Problem details:
Give back the lines below exactly, but do not include any pictures.

Supplied data:
=====

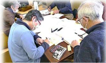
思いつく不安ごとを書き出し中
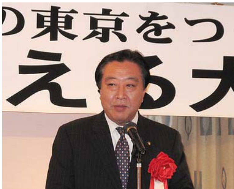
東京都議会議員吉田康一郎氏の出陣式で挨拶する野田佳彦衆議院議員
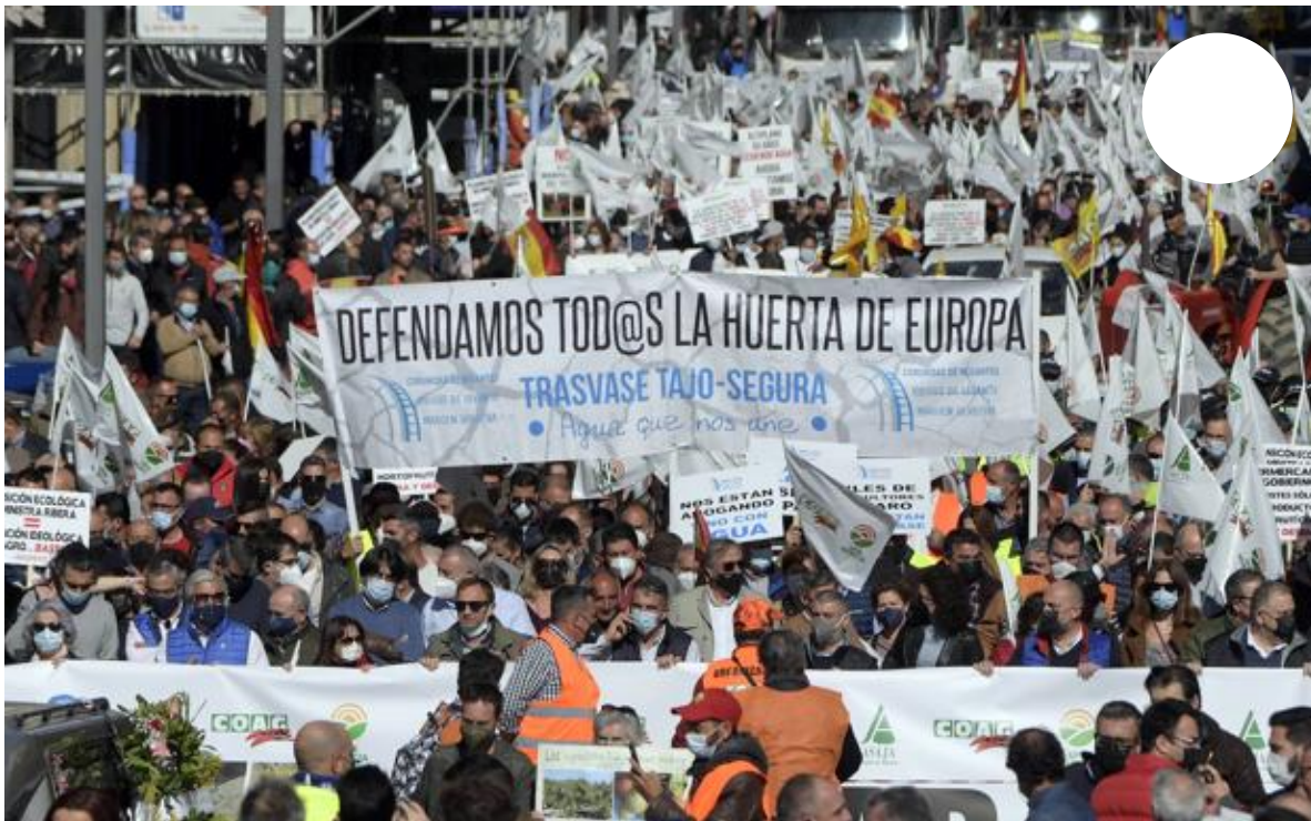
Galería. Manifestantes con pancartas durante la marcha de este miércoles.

=====

Response to this task:
思いつく不安ごとを書き出し中
東京都議会議員吉田康一郎氏の出陣式で挨拶する野田佳彦衆議院議員
Galería. Manifestantes con pancartas durante la marcha de este miércoles.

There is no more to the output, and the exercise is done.